Evolving?

It seems like I get right there.. right on the brink of seeing everything,,, and then suddenly the door is slamed in my face...
Why is it?
Just as soon as I see a glimpse of light I am forced back into darkness? The Seat of the Soul... by Gary Zukav...
tells us that:

No understanding of Evolution is adequate that does not have at its core that we are on a journey toward authentic power, and that authentic empowerment is the goal of our evolutionary process and the purpose of our being. We are evolving from a species that pursues external power into a species that pursues authentic power. We are leaving behind exploration of the physical world as our sole means of evolution.

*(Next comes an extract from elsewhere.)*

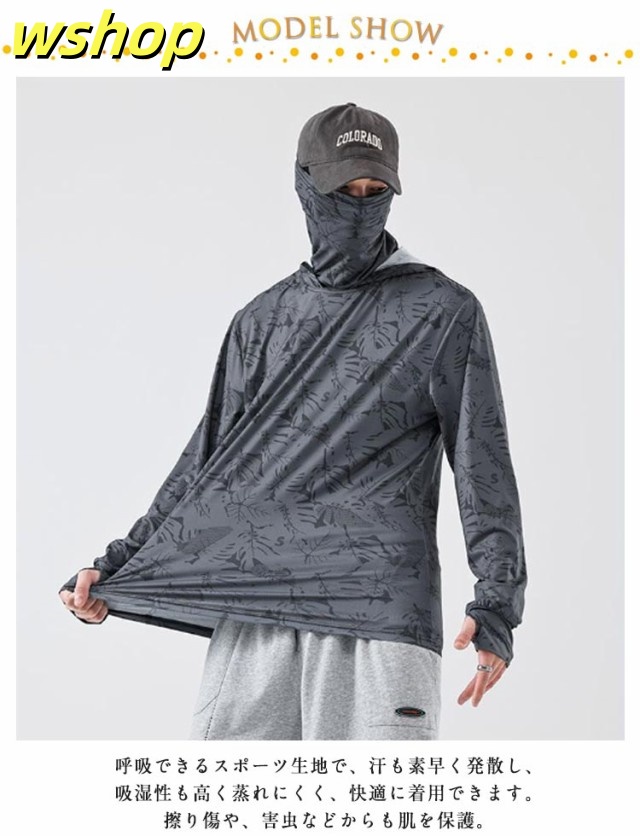 | マスク、フードが一体になっていて、日焼け対策にバッチリ!軽量な顔面カバー型UVカットパーカー。 男女兼用!ラッシュガード フィッシングウエア。着るだけで紫外線対策。UVカットで春から夏にかけての日焼け対策に最適。 通気性優良かつ吸水速乾素材で夏場の汗ばむ季節に快適なサラリとした肌触りのラッシュガード 呼吸できるスポーツ生地で、汗も素早く発散し、吸湿性も高く蒸れにくく、快適に着用できます。擦り傷や、害虫などからも肌を保護。 指穴付きだから手の甲までしっかりガード。 | |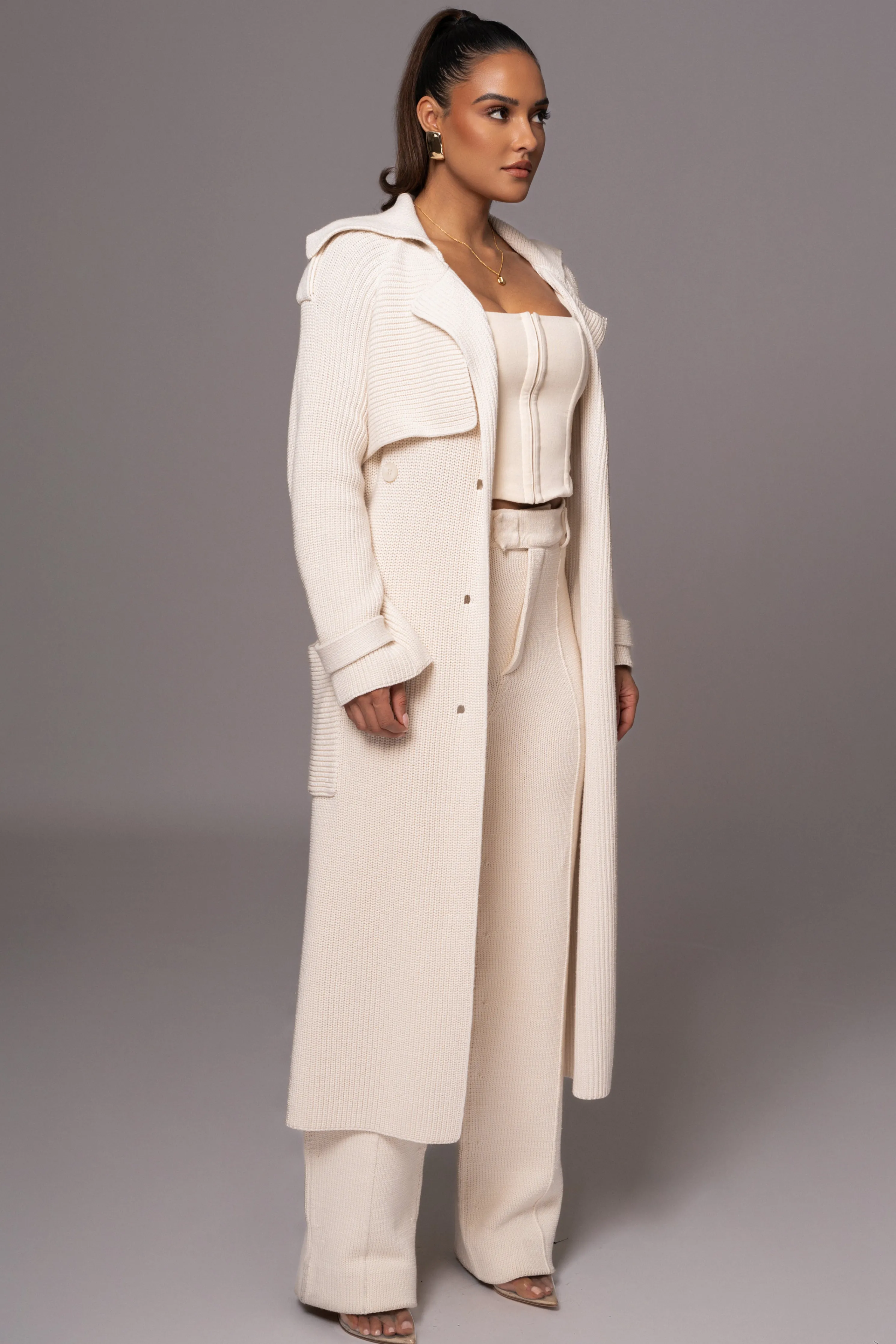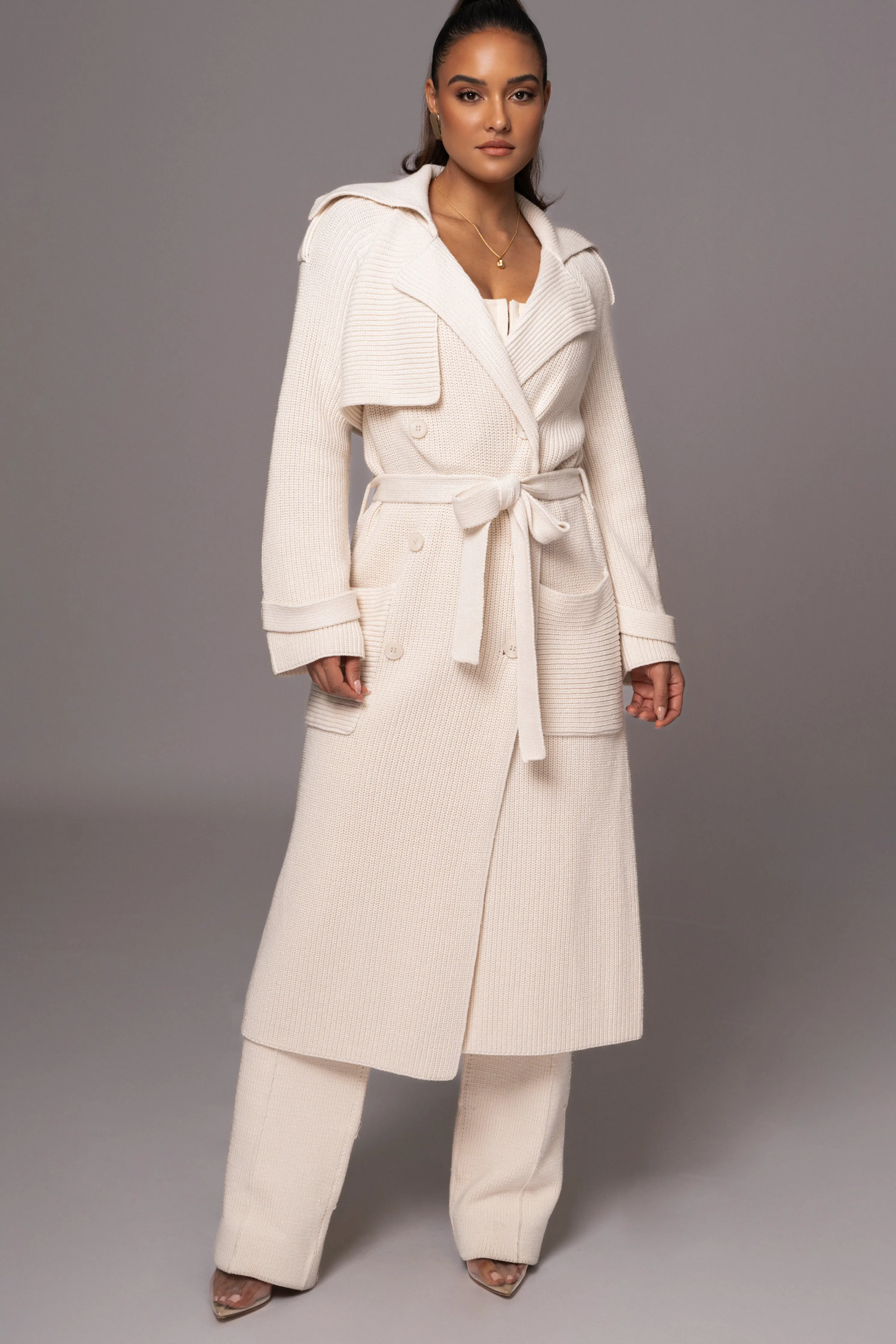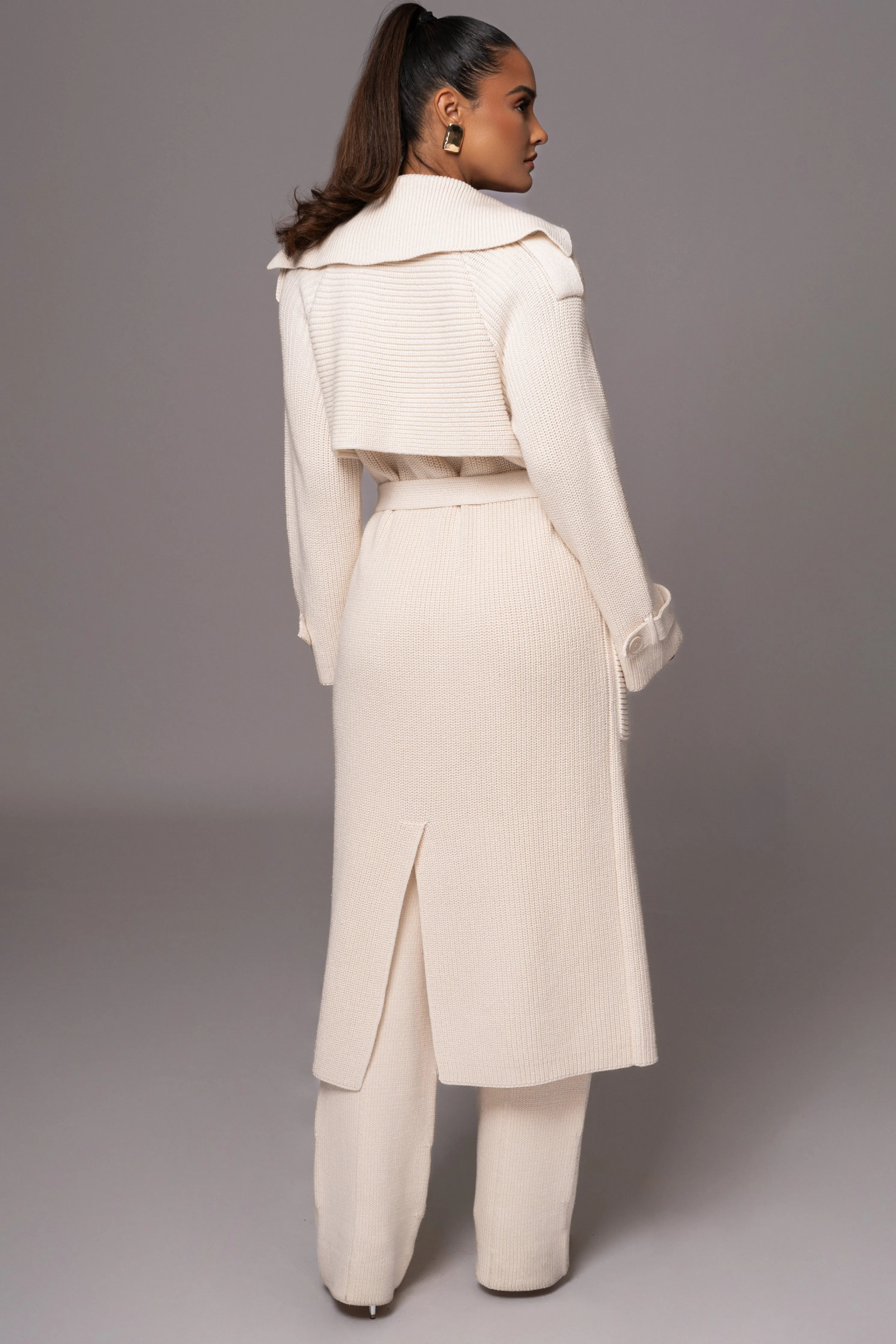 Stay warm in our Ivory Maxinne Knit Coat. This sophisticated piece features a double-breasted front, classic notch lapels, two welt pockets, and a self-tie belt for a polished look. Accented with button tab shoulders and cuffs, this coat is completed with a back slit hem for added flair. Crafted in a ultra soft knit fabric perfect for the season. Pair with our Back In Business Knit Trousers for the full look. Single lined. Stretchy.

This means of evolution, and the consiousness that results from an awareness that is limited to the five-sensory modality, are no longer adequate to what we must become.

How do we evolve from a five-sensory to a multi-sensory human being? I have always thought it true that yes, I am evolving.. every day it seems I gain new insight to my deeper understanding.. but how do we cross that line from almost understanding into awareness? If it's right there on the tip of our brain.. what is it that is keeping me from seeing what it is my being is trying to show me. Why is it that some never even try to understand themselves? Why is it that there are people out there who walk around everyday oblivious to the journey they are traveling, taking for granted delicate moments that could influence the path of the journey they have embarked upon. Not thinking twice about why they are here or where they are going in the end of it all. I just don't understand why some people can see that there is so much we have to learn about ourselves and all that is around us,, but others can never see beyong the physical, what makes them different? What denies them this insight?

Maybe it's eveyone else around them.. maybe its the whole picture.. all that influences their lives everyday keeping them from stopping just a moment and looking at things for what they really are. I know that when I was with my X husband.. (DIE MOTHER FUCKER!!) it seemed there was this cloud in my head... I couldn't see anything for the reallity it was. I only saw what he wanted me to see.. and this was not just in regards to him.. but everything.. everything was a fabrication of the truth.. I saw my kids to be spoiled and unruly,, when in reallity he was just overbearing and impatient with them.. I saw my mother to be controlling and judgemental,, when in truth she was concerned and compassionate,,, I saw my friends to be meddlers and instigators when they were actually being friends, honest, loyal, and devoted... He twisted my images of myself as well.. I thought I was a bad person.. I could never do anything right.. my main goal in life was to please him in order to feel like I was actually finally doing something right.. nothing I did satisfied him.. the more I tried the more I was a screw up.. couldnt wash the clothes right, cooked things the wrong way or not to his tastes, was too forgiving in my discipline of the children, trips to wal-mart made me feel like I had done something terribly wrong in my marriage after accuasations when ariving home,, so I wouldnt go.. and if I did I was timing myself to make sure he knew I only had time to get what I was getting and get home.. constantly having my past thrown up in my face when things of my past were none of his business,,, trying so hard all the while to have him see me for the person I was, and love me unconditionally when in the end the truth being that he didnt want to love me,,, he didnt want me to be myself,, he wanted me to be 'his' the way he wanted me.. to suit his needs.. so he would never be happy with me.. he was the judgemental one, the spoiled, unruly, controlling, meddling, instigating, FUCKING LIAR!!!!!!!!! LOL.. but guess what ,,, I'm me now and theres nothing he can do about it..

Maybe this is why God says that it is better if we are alone? We let others influence who we are.. maybe this is why some people can't see the things that others can.. maybe in order to evolve we have to be.... alone... without outside influences... and maybe the whole concept of finding a soul mate is that you find that special person who will evolve with you... hmmm ... thats kinda scary but kinda nice... weird huh?